> TRY IT: Would you print all of the entries exactly, please, but without their pictures?

════

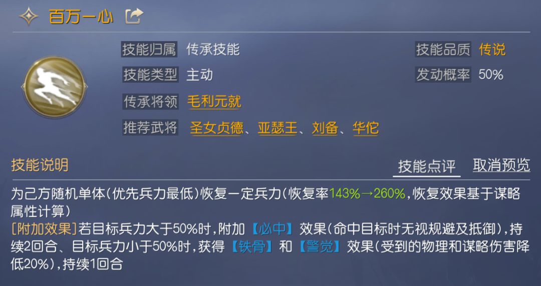 首先利用忠诚护卫让毛利元就分担威灵顿受到的伤害,再搭配上百万一心,利用较高的单体恢复率和危险血线额外减伤的效果,保证毛利元就的兵力健康,尽量减少暴毙的可能性。若是担心毛利元就在前4回合出现重伤情况,也可以将忠诚护卫更换为仰慕华风,只单纯提供伤害增益即可。
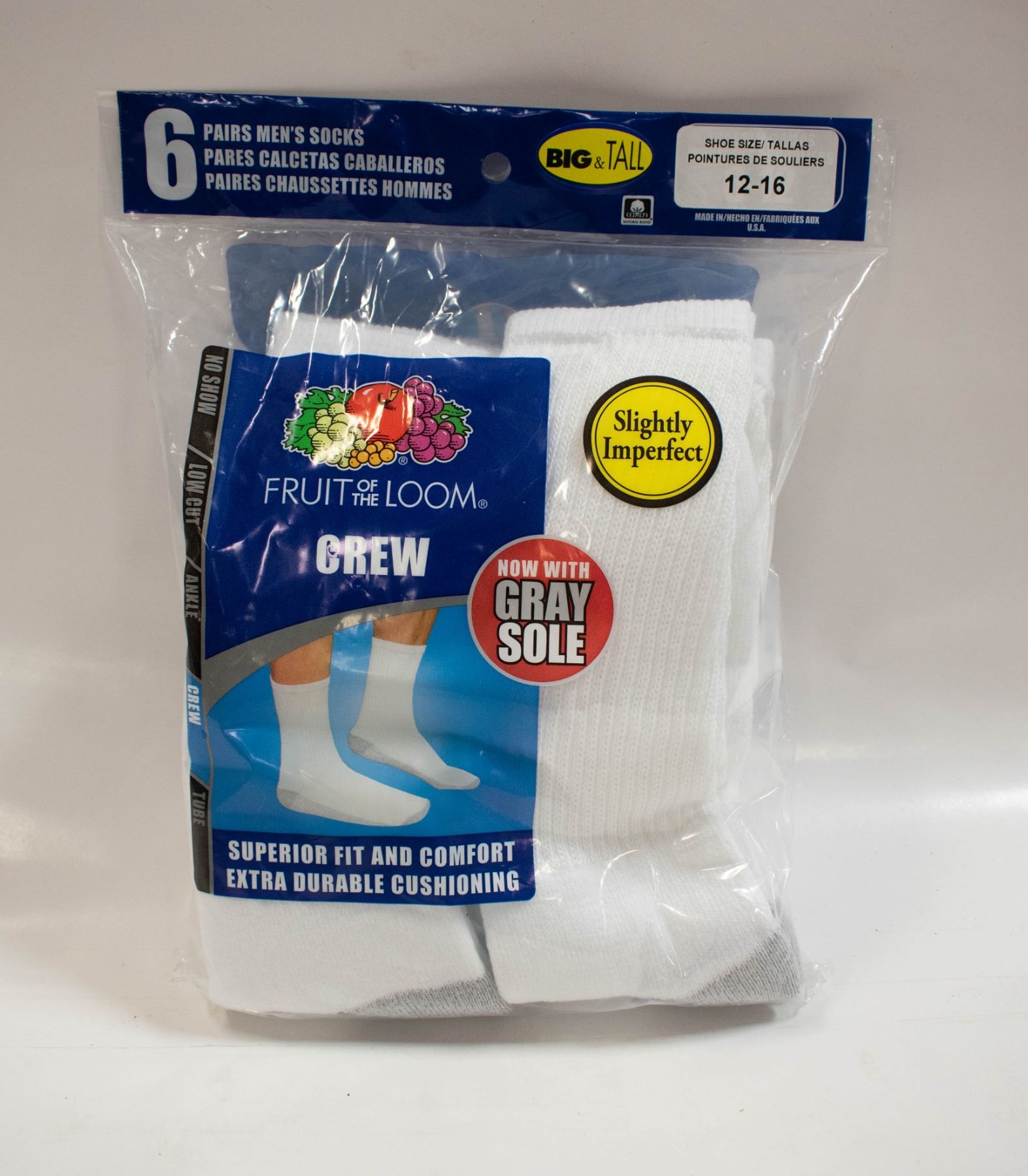 WHITE CREW SOCKS 12-16 SIZE 6-PACK
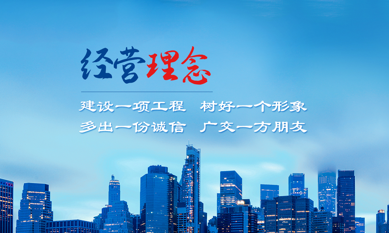 公司以建造合格建筑產(chǎn)品、助力國家建設為使命,以構(gòu)建幸福企業(yè)為愿景。公司深知助力國家建設為使命所擔負的責任,故以“如履薄冰、如臨深淵、高調(diào)精細做事、低調(diào)謙虛做人”為工作理念,建立了完善的管理制度和質(zhì)量保障體系,以人為本,構(gòu)建和諧環(huán)境。公司牢固樹立安全意識、文明意識、質(zhì)量意識、環(huán)境意識和精品意識。在公司質(zhì)量管理過程中貫徹“雙百”方針:即工程合格率100%,客戶滿意率100%。以“建設一項工程,樹好一個形象,多出一份誠信,廣交一方朋友”為公司經(jīng)營理念。
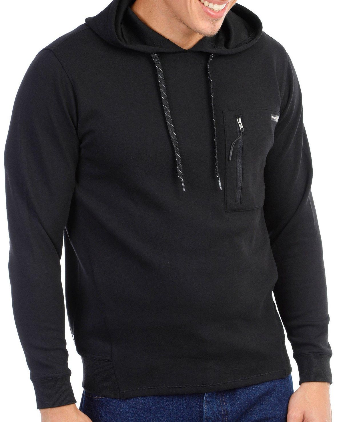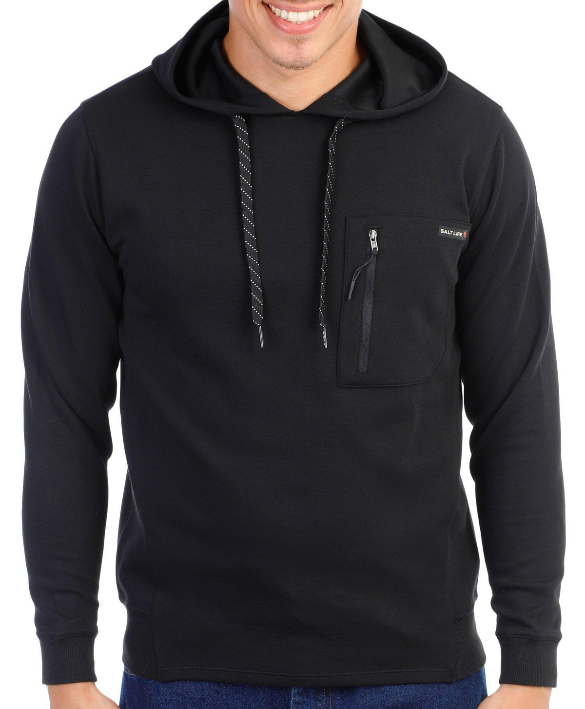 The Gaffer lightweight performance fleece pullover hoodie is a must-have this season! Made from a lightweight double-face performance fleece for a soft to the touch feel and comfortable fit, this Salty Life pullover hoodie is perfect for casual wear and layering during transitioning weather. It features a drawstring hood, zipped utility pocket, and moisture-wicking fabric. Fabrication is 56% cotton, 41% polyester, and 3% spandex.
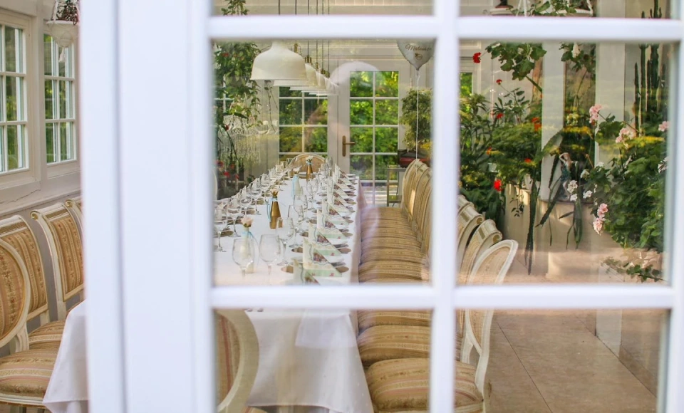 Oranżeria to przeszklona sala z widokiem na 500-letnią lipę - naturalny pomnik przyrody, który tworzy niepowtarzalne tło dla spotkań.
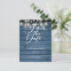 This rustic save the date card features string lights and an elegant script save the date above your details set in elegant typography on a blue rustic wood panels background. The reverse has additional save the date details, including your wedding website, with your return address and space for your recipient's address. Designed by Thisisnotme©
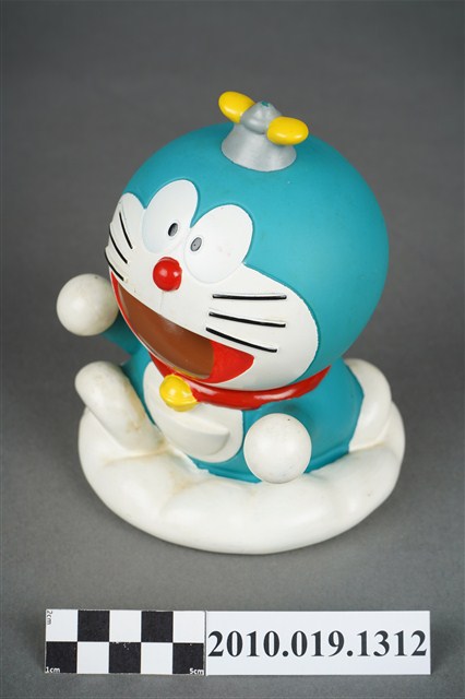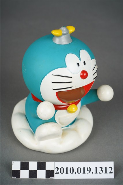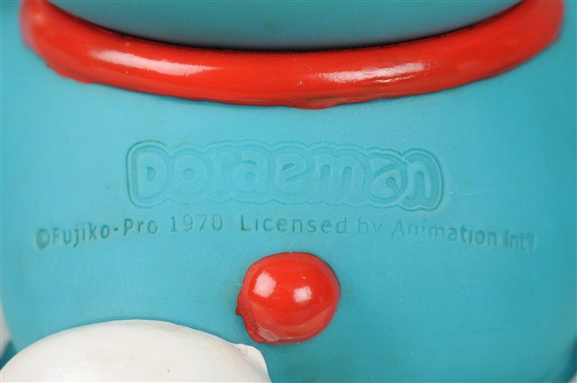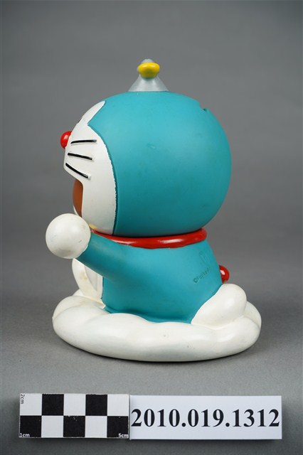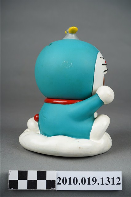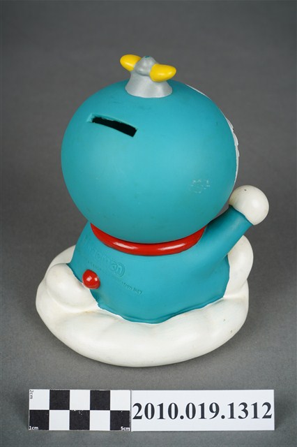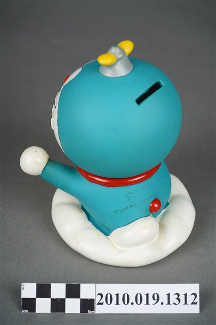 1.本物件為哆啦A夢頭戴竹蜻蜓造型存錢筒。背面有"Doraemon"註冊商標,底部有"Animation International"字樣的貼紙。
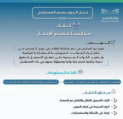 يُنفذ تعليم الشرقية اليوم الإثنين لقاء “مدارسنا مصنع الإنجاز” لتعزيز مشاركة الطلاب في دوري المدارس، من خلال إبراز الفوائد المهارية للمشاركة الرياضية، وتحفيز الكوادر المدرسية على تفعيل التسجيل لصناعة جيل واعٍ ومسؤول.

════

> TASK OUTPUT:
 首先利用忠诚护卫让毛利元就分担威灵顿受到的伤害,再搭配上百万一心,利用较高的单体恢复率和危险血线额外减伤的效果,保证毛利元就的兵力健康,尽量减少暴毙的可能性。若是担心毛利元就在前4回合出现重伤情况,也可以将忠诚护卫更换为仰慕华风,只单纯提供伤害增益即可。
 WHITE CREW SOCKS 12-16 SIZE 6-PACK
 公司以建造合格建筑產(chǎn)品、助力國家建設為使命,以構(gòu)建幸福企業(yè)為愿景。公司深知助力國家建設為使命所擔負的責任,故以“如履薄冰、如臨深淵、高調(diào)精細做事、低調(diào)謙虛做人”為工作理念,建立了完善的管理制度和質(zhì)量保障體系,以人為本,構(gòu)建和諧環(huán)境。公司牢固樹立安全意識、文明意識、質(zhì)量意識、環(huán)境意識和精品意識。在公司質(zhì)量管理過程中貫徹“雙百”方針:即工程合格率100%,客戶滿意率100%。以“建設一項工程,樹好一個形象,多出一份誠信,廣交一方朋友”為公司經(jīng)營理念。
 The Gaffer lightweight performance fleece pullover hoodie is a must-have this season! Made from a lightweight double-face performance fleece for a soft to the touch feel and comfortable fit, this Salty Life pullover hoodie is perfect for casual wear and layering during transitioning weather. It features a drawstring hood, zipped utility pocket, and moisture-wicking fabric. Fabrication is 56% cotton, 41% polyester, and 3% spandex.
 Oranżeria to przeszklona sala z widokiem na 500-letnią lipę - naturalny pomnik przyrody, który tworzy niepowtarzalne tło dla spotkań.
 This rustic save the date card features string lights and an elegant script save the date above your details set in elegant typography on a blue rustic wood panels background. The reverse has additional save the date details, including your wedding website, with your return address and space for your recipient's address. Designed by Thisisnotme©
 1.本物件為哆啦A夢頭戴竹蜻蜓造型存錢筒。背面有"Doraemon"註冊商標,底部有"Animation International"字樣的貼紙。
 يُنفذ تعليم الشرقية اليوم الإثنين لقاء “مدارسنا مصنع الإنجاز” لتعزيز مشاركة الطلاب في دوري المدارس، من خلال إبراز الفوائد المهارية للمشاركة الرياضية، وتحفيز الكوادر المدرسية على تفعيل التسجيل لصناعة جيل واعٍ ومسؤول.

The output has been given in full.